As of this afternoon, a sampling of the 709,000 signatures collected by Fairness and Accountability in Redistricting projects that 490,357 are valid, according to the Secretary of State's website. That's roughly 10,000 more than required to launch a full count of verified signatures and 14,000 shy of the threshold to qualify the referendum once the verified signatures are tallied.
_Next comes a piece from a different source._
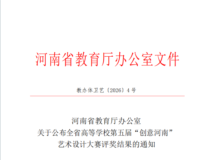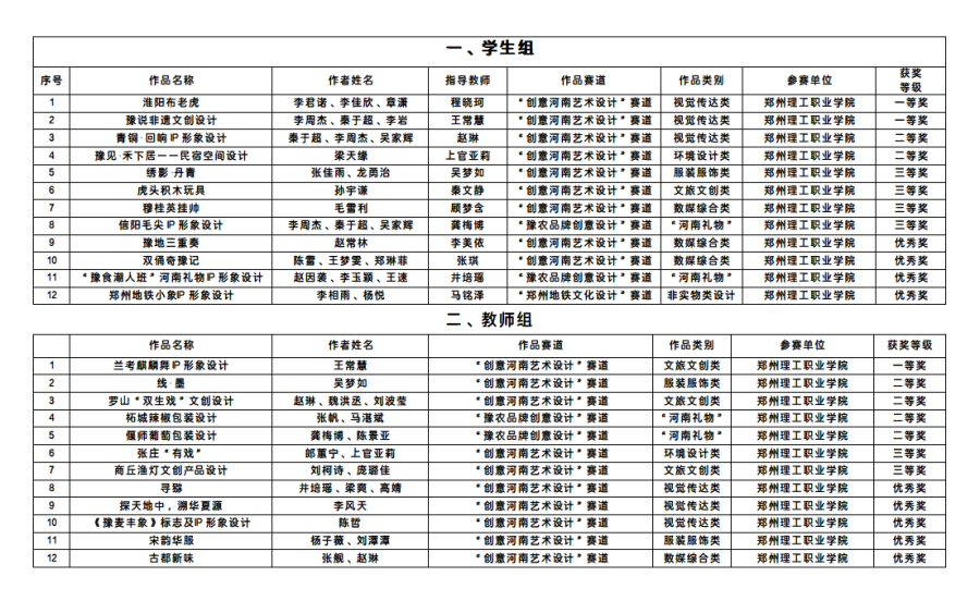 近期,郑州理工职业学院艺术传媒学院师生在省教育厅主办的全省高等学校第五届“创意河南”艺术设计大赛中凭借出色的创意构思与精湛的制作水准,从众多参赛作品中脱颖而出,学生组和教师组共斩获省级奖项24项,其中一等奖3项,二等奖6项,三等奖6项,优秀奖9项。
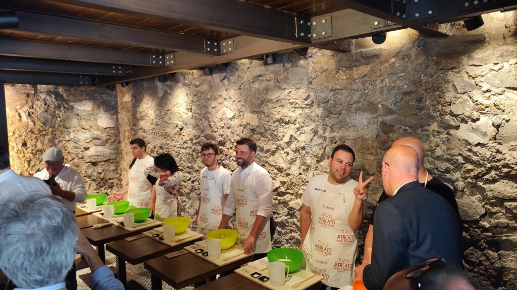 In tarda mattinata il gruppo si è spostato nel centro cittadino, presso la pizzeria Mercato Pompeiano, dove i partecipanti si sono cimentati nella preparazione dell’impasto per pizza. Un momento pratico e costruttivo che ha rappresentato, per tre ragazzi de “Il Tulipano”, la conclusione simbolica di un percorso laboratoriale di circa due mesi dedicato all’avvicinamento al mondo degli impasti e della ristorazione.

The referendum needs 504,760 verified signatures to qualify for the November ballot.

The latest count doesn't include sample results from 13 counties that still need to report their numbers to the Secretary of State's office by Tuesday.

"We will pass the 100 percent (sample) mark by Tuesday," GOP political consultant and FAIR spokesman Dave Gilliard said this afternoon.

FAIR's lawyers will argue that the sample proves the measure will qualify and that the court should suspend the redrawn Senate district boundaries until voters can weigh in 11 months from now.

But that assessment was strongly disputed by Democratic consultant Jason Kinney, who said the relatively low validity rate of the signatures means the measure "is likely to fail."

FAIR says the new maps unjustly dilute Latino voters' influence and break rules established in the 2008 ballot measure that created the commission itself. Commission officials have defended the maps and argued that the court shouldn't intervene because it is unlikely the referendum could gather enough signatures to qualify for the ballot.

The Supreme Court has said it will make a decision by the end of this month, in time for the June primary and the November general elections. Half of the state's Senate's 40 seats are in play this year.

Editor's Note: This post has been updated to add comments from Jason Kinney. Updated 5:45 p.m. Jan. 6, 2012.